**Given information**
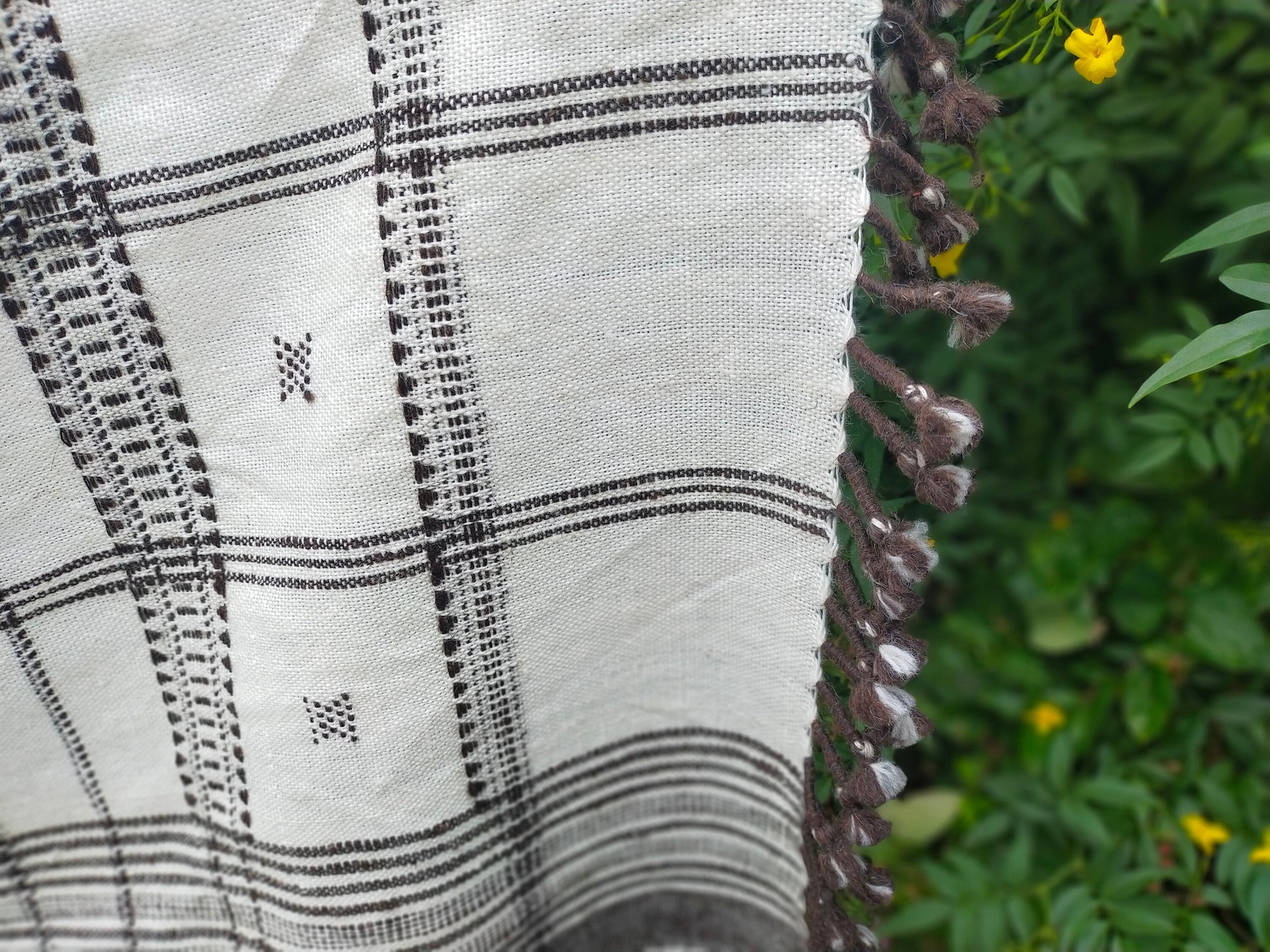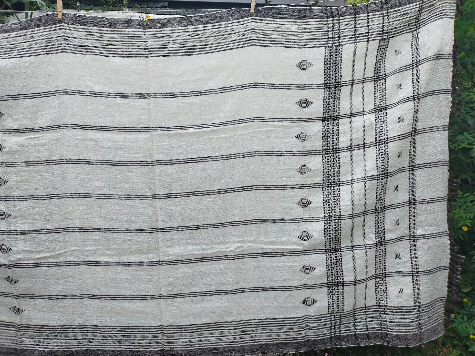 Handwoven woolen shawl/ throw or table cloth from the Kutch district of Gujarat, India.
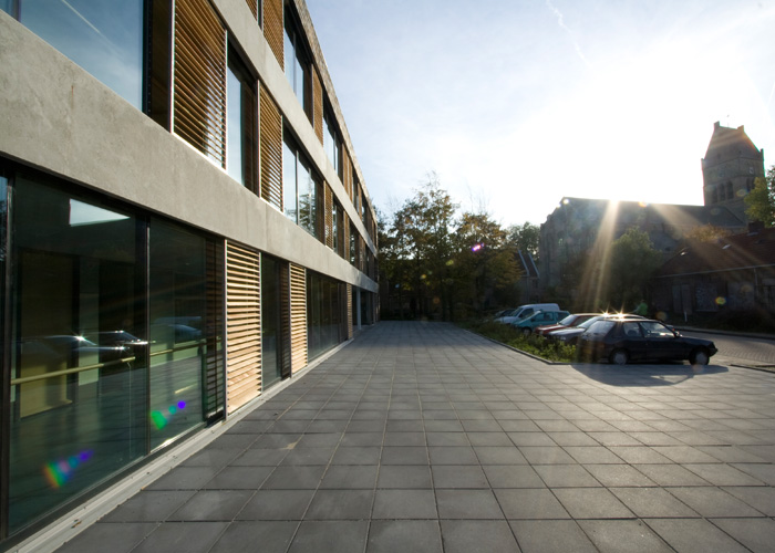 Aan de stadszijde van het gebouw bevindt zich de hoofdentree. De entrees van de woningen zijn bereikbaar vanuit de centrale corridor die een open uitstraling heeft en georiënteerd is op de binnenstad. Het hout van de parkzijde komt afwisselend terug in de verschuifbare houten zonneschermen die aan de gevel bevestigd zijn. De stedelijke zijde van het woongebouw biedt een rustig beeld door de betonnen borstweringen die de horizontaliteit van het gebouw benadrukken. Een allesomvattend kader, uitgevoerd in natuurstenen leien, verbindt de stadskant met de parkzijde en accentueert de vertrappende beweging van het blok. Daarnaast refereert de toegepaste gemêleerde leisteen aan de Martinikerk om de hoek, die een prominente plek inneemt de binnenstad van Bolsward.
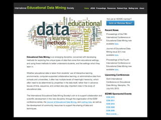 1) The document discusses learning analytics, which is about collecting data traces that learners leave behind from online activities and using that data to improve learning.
...
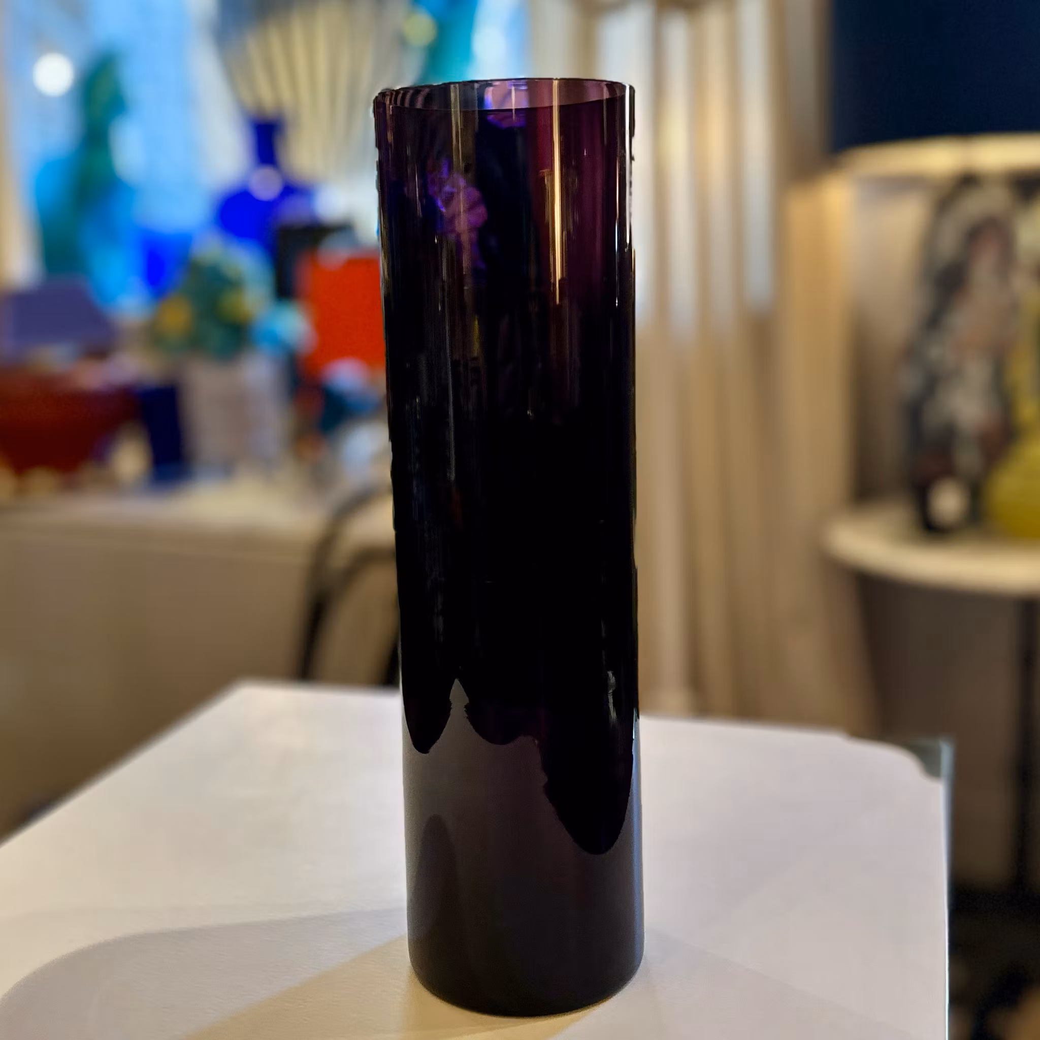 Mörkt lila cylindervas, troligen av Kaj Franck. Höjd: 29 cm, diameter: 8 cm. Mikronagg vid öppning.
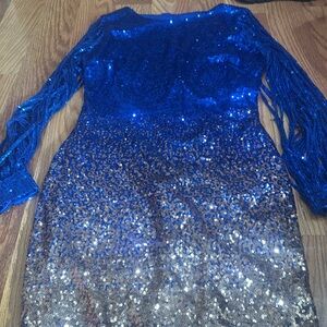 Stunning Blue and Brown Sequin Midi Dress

**What you are asked to do**
Copy the lines above exactly, starting with the line that contains "Handwoven woolen shawl/" and ending with the line that contains "Aan de stadszijde", and leave out any pictures.

**Solution to this task**
 Handwoven woolen shawl/ throw or table cloth from the Kutch district of Gujarat, India.
 Aan de stadszijde van het gebouw bevindt zich de hoofdentree. De entrees van de woningen zijn bereikbaar vanuit de centrale corridor die een open uitstraling heeft en georiënteerd is op de binnenstad. Het hout van de parkzijde komt afwisselend terug in de verschuifbare houten zonneschermen die aan de gevel bevestigd zijn. De stedelijke zijde van het woongebouw biedt een rustig beeld door de betonnen borstweringen die de horizontaliteit van het gebouw benadrukken. Een allesomvattend kader, uitgevoerd in natuurstenen leien, verbindt de stadskant met de parkzijde en accentueert de vertrappende beweging van het blok. Daarnaast refereert de toegepaste gemêleerde leisteen aan de Martinikerk om de hoek, die een prominente plek inneemt de binnenstad van Bolsward.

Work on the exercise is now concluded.